Department of Pharmacy, Children's Hospital of Fudan University, National Children's Medical Center, Shanghai, 201102, China.
Department of Pharmacy, Union Hospital, Tongji Medical College, Huazhong University of Science and Technology, Wuhan, 430022, China.
Acta Pharmacol Sin. 2023 Jan;44(1):19-31. doi: 10.1038/s41401-022-00944-0. Epub 2022 Jul 15.

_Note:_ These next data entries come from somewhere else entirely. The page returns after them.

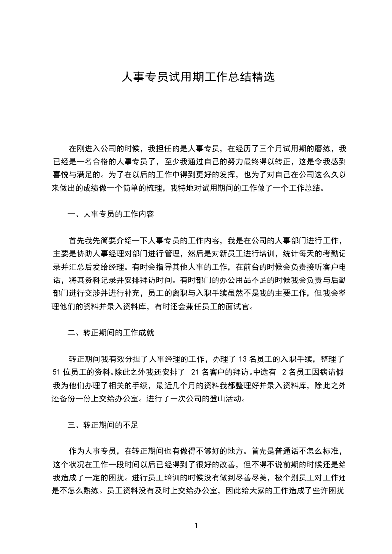 短短的两个月时间过去了,在领导及同事的指导下,我努力的学习并认真做好每项人事工作,努力的提高自己的工作能力。通过这些努力,我还是有很大的进步的。但是在学习和工作过程中,我还是出现一些问题和不足,这些也是我在日后的工作中需要逐步克服和加以完善的。我相信自己会在以后的工作过程中,充分发挥自己的优势,积极、主动、高效地完成各项工作,为公司的发展奉献自己的全部力量。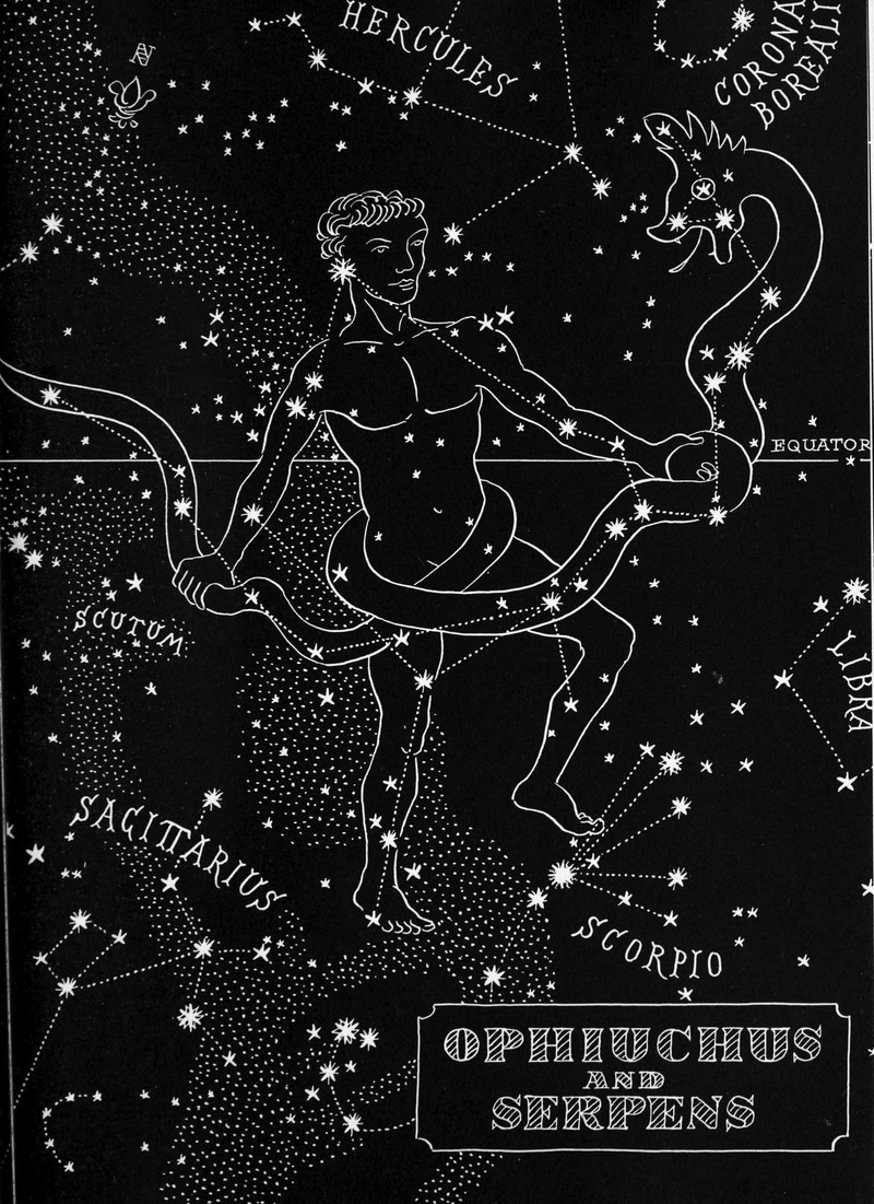 #vintage illustration #vintage yearbook #yearbook #constellations #hercules #1960s #ophiuchus #pisces #corona borealis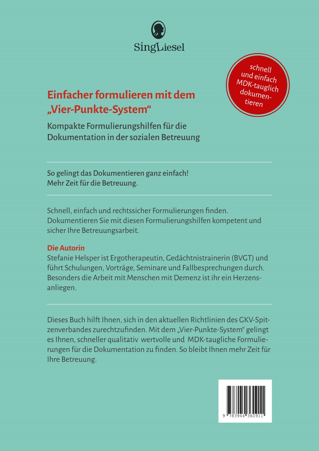 Schnell, einfach und rechtssicher Formulierungen finden. Dokumentieren Sie mit diesen Formulierungshilfen kompetent und sicher Ihre Betreuungsarbeit Dieses Buch hilft Ihnen, sich in den aktuellen Richtlinien des GKV-Spitzenverbandes zurechtzufinden. Mit dem „Vier-Punkte-System“ gelingt es Ihnen, schneller qualitativ wertvolle und MDK-taugliche Formulierungen für die Dokumentation zu finden. So bleibt Ihnen mehr Zeit für Ihre Betreuung. So gelingt das Dokumentieren ganz einfach - für mehr Zeit für die Betreuung!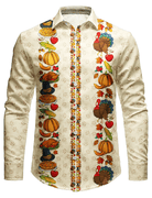 Men's Vintage Turkey and Pumpkin Print Thanksgiving Long Sleeve Shirt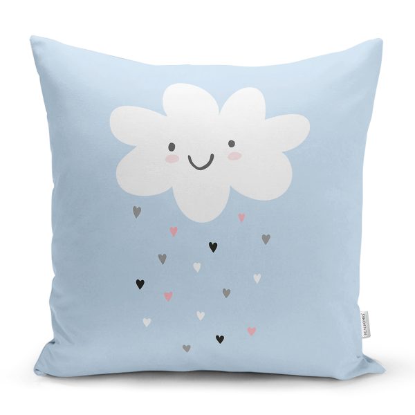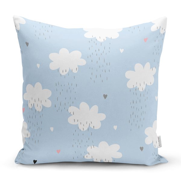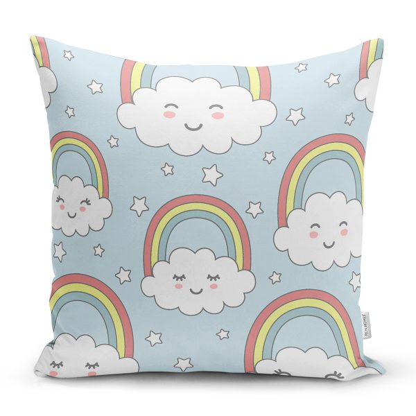 Sevimli Bulutlar Ve Gökkuşağı Motifli Dijital Baskılı Özel Tasarım Modern Yastık Kırlent Kılıfı

Inflammatory bowel disease (IBD) is a global health burden whose existing treatment is largely dependent on anti-inflammatory agents. Despite showing some therapeutic actions, their clinical efficacy and adverse events are unacceptable. Resolution as an active and orchestrated phase of inflammation involves improper inflammatory response with three key triggers, specialized pro-resolving mediators (SPMs), neutrophils and phagocyte efferocytosis. The formyl peptide receptor 2 (FPR2/ALX) is a human G protein-coupled receptor capable of binding SPMs and participates in the resolution process. This receptor has been implicated in several inflammatory diseases and its association with mouse model of IBD was established in some resolution-related studies. Here, we give an overview of three reported FPR2/ALX agonists highlighting their respective roles in pro-resolving strategies.
炎症性肠病 (IBD) 是全球健康负担,其现有治疗方法在很大程度上依赖于抗炎药物。尽管这些药物显示出一定的治疗作用,但它们的临床疗效和不良反应是不可接受的。消退是炎症的一个积极和协调的阶段,涉及到三个关键触发因素,即不当的炎症反应、特异性促解决介质 (SPM)、中性粒细胞和吞噬细胞凋亡。甲酰肽受体 2 (FPR2/ALX) 是一种能够结合 SPM 的人类 G 蛋白偶联受体,参与消退过程。该受体与多种炎症性疾病有关,其与 IBD 小鼠模型的关联在一些与消退相关的研究中得到了证实。在这里,我们概述了三种已报道的 FPR2/ALX 激动剂,重点介绍了它们在促解决策略中的各自作用。